* Data for this task *
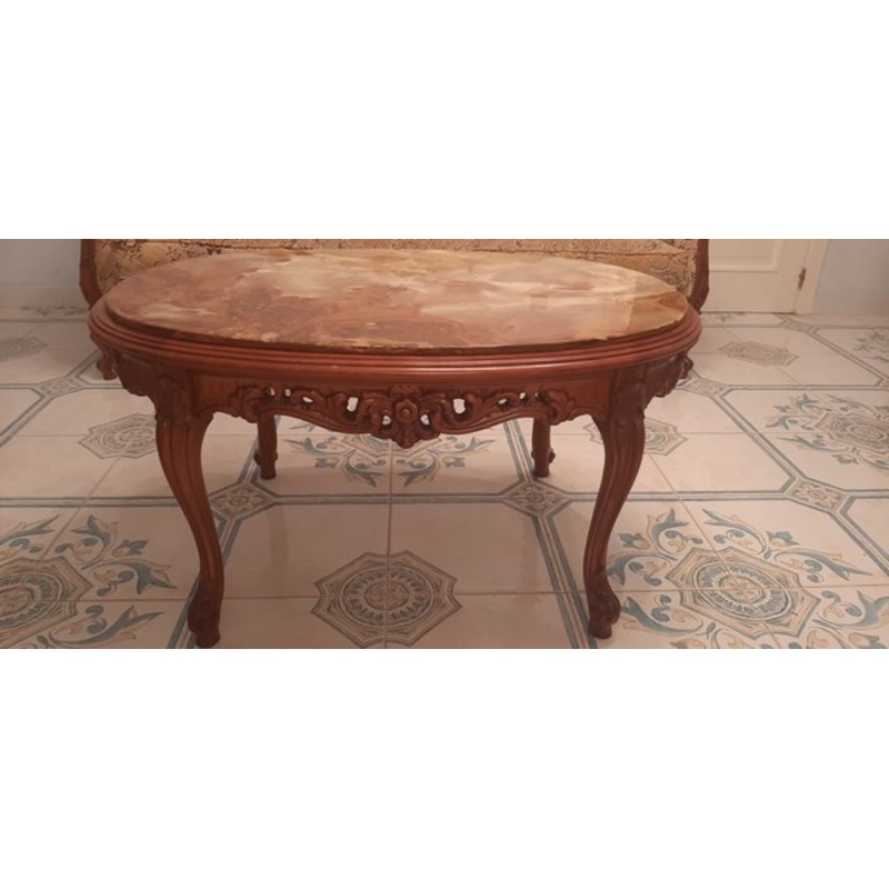 Louis XV style coffee table in carved wood with top in fine marble.
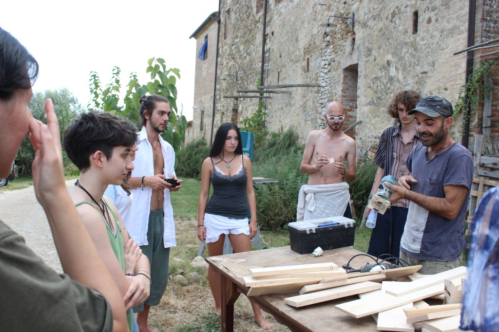 During this workshop, the participants created wooden signs to set around the farm’s most well-known spaces. The traces of that afternoon are still visible today in Calcinaia.
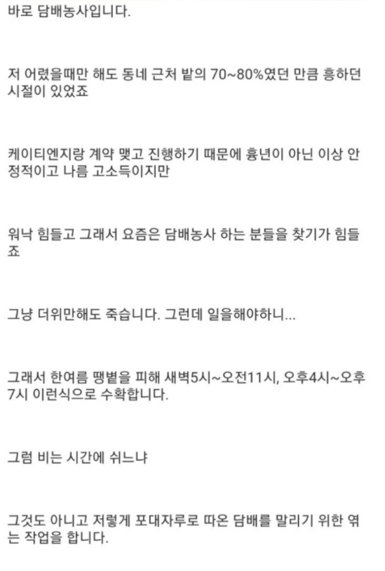 그렇다면 농사는 어떤 농사가 가장 어려울까요? 바로 담배 농사라고 합니다. 왜 담배 농사가 어려울까요?
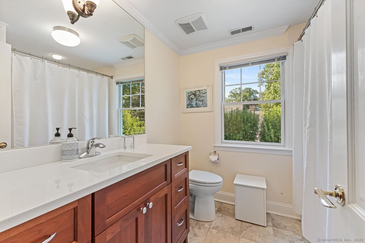 Unique opportunity in a price range with little inventory Handsome, colonial style home on a quiet, private cul-de-sac just a few minutes from Old Greenwich, in North Street/Central school district. The home was updated in 2012 to include a first floor ''open plan'' layout offering multiple French Doors to a large, sunny patio and capacious back yard. On the second floor, enjoy an updated primary suite, three double bedrooms, and, additionally, a guest/au-pair suite with private entrance, an additional bedroom, flexible use sitting room, full, eat-in kitchen, bathroom, and separate laundry.
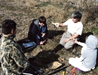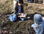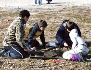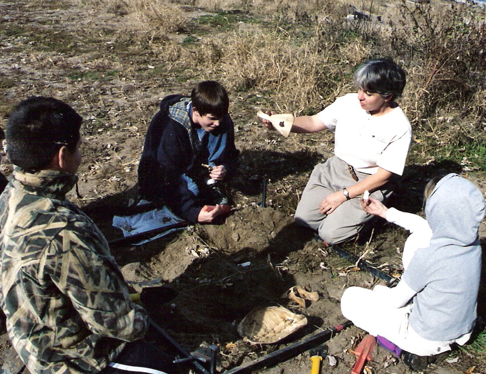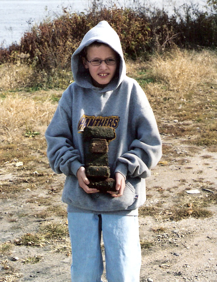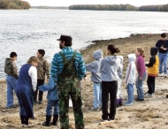 At Toolesboro we toured the museum and watched a movie about archeology. Then we went outside in the yard where we played Native American games with homemade equipment. Some of the games were dart throwing, buffalo robe, a game with a small bone hoop tied to a stick where the hoop was flipped up and we attempted to catch the hoop with the end of the stock, and beaver lodge. This was like the modern day "pick up sticks" game, but played with just ordinary sticks dumped on the ground and you had to remove a stick without bothering the other sticks. The games we played at Toolesboro were great fun. When we were at the Mississippi Rover landing near Toolesboro we learned the history of Louisa County since the beginning of time and I found some bricks from the Burris City Hotel. Burris City was a town that is completely gone now, but was there. The flooding from the Mississippi and Iowa rivers in 1858 destroyed the town. The town was never rebuilt. We also did some archeology work. We had to find some "artifacts" that were buried in specific spots. We used a hand shovel and a brush to find them carefully. There were 3 squares boxed out and some of us were at each square. We had draw on a paper what we found where and then we had to decide as a small group what time frame our boxed square stuff came from and who used them. Then we went to Langwood and had lunch. After lunch we did more activities like the Native Americans would have done before the Europeans came to the area. One activity was cutting squash with a mollusk shell that was sharpened to use as a knife. We put the slices on a stick like a skewer. They would have been dried for use throughout the winter. Another activity was making rakes or hoes with a deer antler, scapula, sticks, and wet rawhide strips. The wet rawhide was used because when it dried, it would shrink and tighten the tool. Another activity was scraping hair off a deerskin with rocks that had a sharpened edge. Another activity was nuts. We used a flat rock and a pounding rock to break open hickory, white acorns, black walnuts, and chestnuts open. I didn't do that one because I didn't really want to eat nuts. The last activity center was grinding corn. There are two ways to grind corn. One was using hallowed log and a stick to smash the kernels inside the log. The other way was using rocks - a flat one and a small one. The small one was used to pound and twist the corn kernels on top of the flat one. Then the ground corn was used to cook with, depending on how fine the corn was ground.

* Assigned task *
Output the data above exactly, beginning at its first line and ending with the line that holds "그렇다면 농사는 어떤". Leave out the pictures and add nothing.

* Output *
 Louis XV style coffee table in carved wood with top in fine marble.
 During this workshop, the participants created wooden signs to set around the farm’s most well-known spaces. The traces of that afternoon are still visible today in Calcinaia.
 그렇다면 농사는 어떤 농사가 가장 어려울까요? 바로 담배 농사라고 합니다. 왜 담배 농사가 어려울까요?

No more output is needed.